MediVault
A patient portal people actually use — built around chronic care needs
2023
Healthcare
Monthly active users up from 12% to 71% after 6-month post-launch period
The problem
MediVault's previous portal had been built as a responsive website on top of their Epic EMR's patient-facing API. It technically worked, but usage data told a different story: 12% of registered patients opened it in any given month, and when they did, average session time was under 90 seconds. Exit surveys pointed to two problems — patients couldn't find what they came for without navigating four levels of menus, and the portal was useless offline, which mattered for elderly patients with poor connectivity. The support team was fielding 3,200 calls per month for tasks the portal was supposed to handle. There was also a compliance wrinkle: MediVault operates across Poland, Sweden, and the Netherlands, each with different consent models under GDPR, and the existing system handled all three identically.
Our approach
We spent the first month auditing support call transcripts — categorising every call by what the patient was actually trying to do. Five tasks accounted for 78% of call volume. We built the app around those five tasks first, with everything else secondary.
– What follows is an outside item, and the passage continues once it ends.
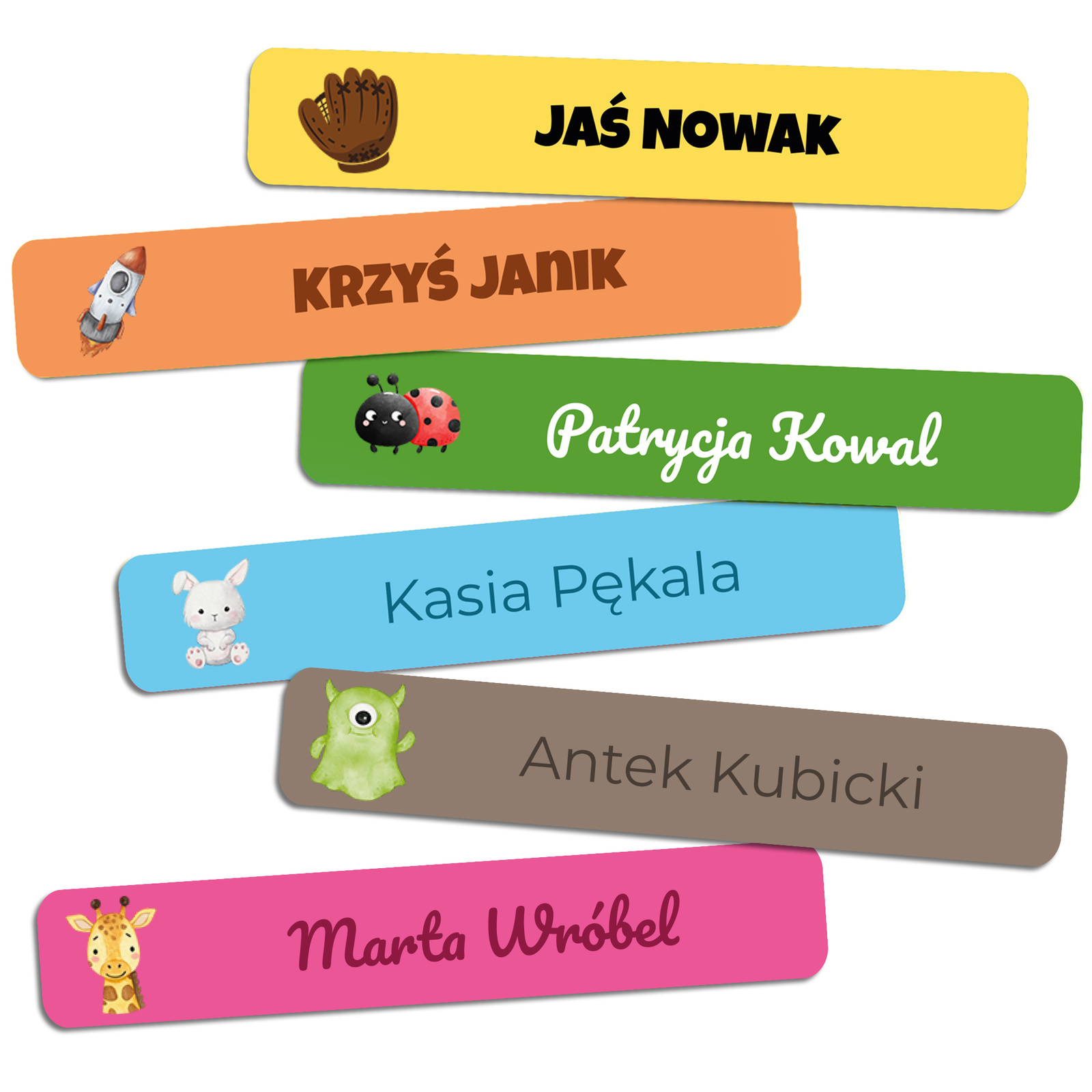 1. The name or text to appear on the stickers (e.g. “Ola Nowak”, “Ladybug Group”, “Kuba – Class 2B”)

Epic integration was extended beyond the standard API to pull structured medication data, which let us build a medication reminder system that cross-referenced prescription schedules. Offline access covers records from the past 18 months, synced when connected. Consent flows were built as a configurable module, allowing each country's legal team to define their own disclosure logic without code changes. We chose React Native to share business logic across iOS and Android, but wrote native modules for biometric auth and document scanning after cross-platform libraries underperformed in testing.
The results
Six months post-launch, monthly active users reached 71% — though we're honest that 'active' here means opened at least once in 30 days, not daily engagement. Support call volume dropped from 3,200 to 1,400 per month; the remaining 1,400 are largely calls from patients who still prefer phone. The app sits at 4.6 stars across stores on 8,300 reviews. One unresolved issue: Android performance on budget handsets common among older patient demographics is adequate but not as smooth as we'd like — it's on the current roadmap.